Amelia Dowler, Curator of Greek and Roman Provincial Coins, British Museum, published a blog article this week about a Roman coin hoard
found in London in 1908, and her current research into similar hoards found recently. Here's an excerpt. -Editor
In 1908 workmen excavating foundations for a house in Fetter Lane (City of London) found 46 coins in a pot. The Rev’d FD Ringrose
purchased the hoard and published an account in 1911 but focussed on describing the coins rather than the circumstances of the find. By the
time the coins were bequeathed to the British Museum in 1914, there was no trace of the pot and no description of it either. There is no
full account of exactly how the hoard was found and whilst Roman hoards are often uncovered in Britain (for example the Didcot, Hoxne and
Beau Street hoards), the Fetter Lane hoard remains something of a mystery.
The Fetter Lane coins were all minted in Alexandria, in Egypt, between AD 58 and AD 284. At this period in the Roman Empire, official
coins were produced at centrally controlled mints for use across the empire. However, many other mints also produced civic coins, usually
in copper alloys, to be used in the local area. Coins had first been minted in Alexandria under the Ptolemaic dynasty (c.312–30 BC), which
continued after Egypt became a Roman province in 30 BC. Unlike in most other provinces, Alexandria was a centrally controlled mint and the
coins were initially made of debased silver before declining into a mainly copper alloy coinage. They circulated locally in the eastern
Mediterranean and did not form part of the official Roman denomination system.

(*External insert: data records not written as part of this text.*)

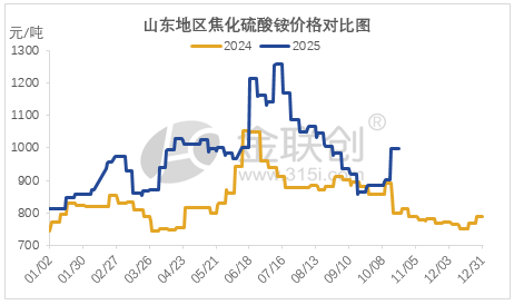 国庆节之后,硫酸铵市场持续整体上行,其驱动力主要来源于供应侧的显著收缩。己内酰胺企业,正面临严重的亏损困境,迫使多数装置降低负荷运行甚至短期停车检修的策略,这直接导致副产硫酸铵的产量同步下滑。同时在环保政策持续高压的背景下,部分焦化企业生产活动受到限制,焦化级硫酸铵供应亦呈现偏紧格局。由此可见,己内级与焦化级供应同时受限,使得市场整体货源供应能力明显减弱,为价格的上涨提供了坚实的支撑。与供应端的强势形成鲜明对比的是,国内需求面表现则相对疲软且呈现分化态势。农业需求方面,国内复合肥企业的整体开工率持续处于低位,对原料的实际采购跟进有限,并未形成规模性的集中需求,工业领域的需求则基本维持刚需且稳定。在此背景下,颗粒工厂为保证前期订单交付,集中需求对市场价格形成了强有力的拉动效应。尽管近期价格持续上行,但市场整体的采购心态仍然谨慎。高端价格风险加剧,操作者多以快进快出操作为主,囤货意向减弱,导致昨日市场交投僵持博弈。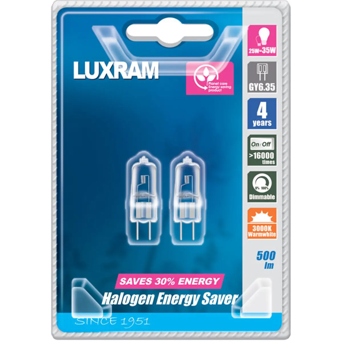 - Potência equivalente: 50=35W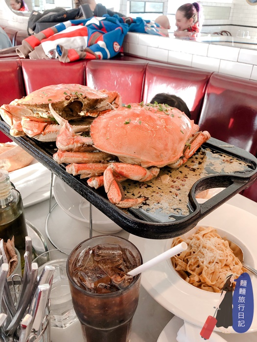 舊金山漁人碼頭必吃美食Crab House at Pier 39,都來到漁人碼頭了哪有不吃海鮮的道理,漁人碼頭附近有很多好吃的海鮮餐廳,今天我們要吃的螃蟹屋,就是以海鮮為主的料理,熱門必點當然就是美國才有的Dungeness 首長黃道蟹,除了各式各樣的海鮮料理之外,這裡也有來漁人碼頭必吃的蛤蠣巧達濃湯、跟一些義大利麵可以點,菜單種類很豐富唷,螃蟹真的超級巨大,送上來的時候大家都看傻,比我的臉還大啊!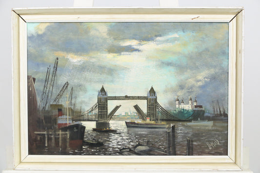 Oil Painting London England Cityscape Tower of London Bridge Harbor River Thames Signed H. Moss 1950s UK English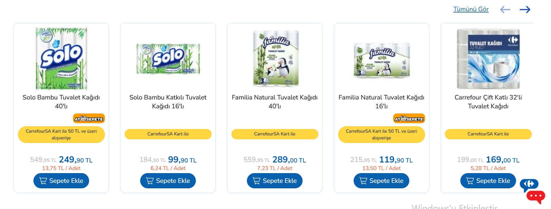 Özellikle Carrefour markalı 32’li pakette birim fiyatın daha düşük olması dikkat çekiyor.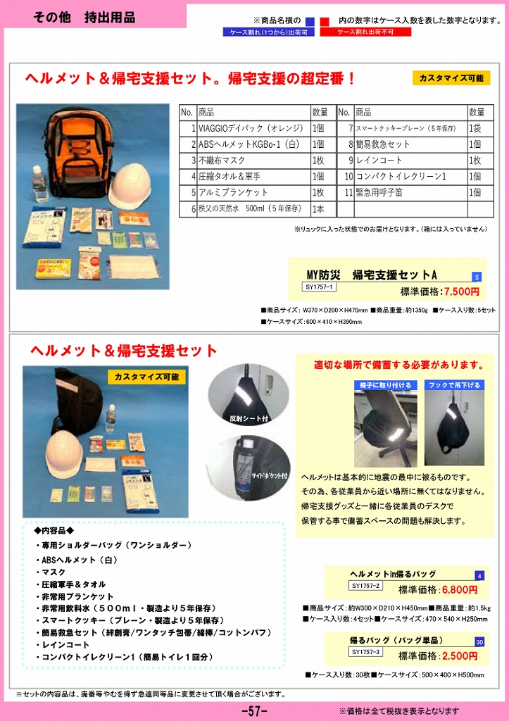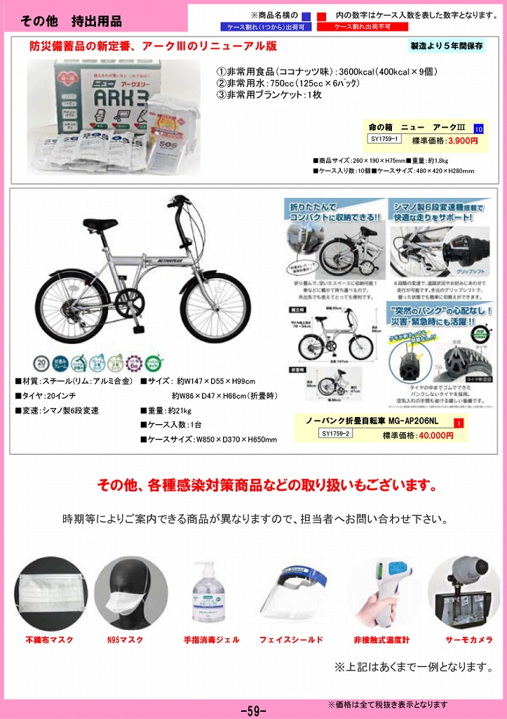 その他特選品…防災セット、非常用持出袋、ノーパンク自転車等

The earliest dated coin in the hoard (Year 5: 58/59 AD), depicting Nero.
Coins used in the Roman province of Britannia were from official Roman mints and we know this both from coin finds and from references
to coins at the time, such as at Vindolanda. Why then would these Alexandrian coins be brought to Britain where they formed no part of the
currency system?
Over the past 200 years or so when unusual coins like these have been found in Britain they have often been dismissed as modern imports,
perhaps brought back to the country as souvenirs from the Grand Tour, or by soldiers returning from service. There is a long history of
these finds being dismissed, particularly by coin experts in museums and universities. I am compiling a catalogue of this material to look
into this question further: are coins from the Mediterranean world (and sometimes further afield) modern losses or did they arrive in Iron
Age or Roman times? These are coins – minted between the 5th century BC up to the end of the 3rd century AD – which would not have been
part of a currency system in Britain.
This is a particularly relevant question today when the Portable Antiquities Scheme is regularly listing coins with similar origins to
the database. The steadily increasing number of ‘foreign’ coins means that it is important to readdress this question rather than
dismissing it out of hand. There are examples both of coins being found in known contexts, such as in the Sacred Spring in Bath, and also
where we know that coins were modern imports, such as the Alexandrian coins found on the wreck of the HMS Pomone. For the majority of coins
however we have no clear information about their findspots.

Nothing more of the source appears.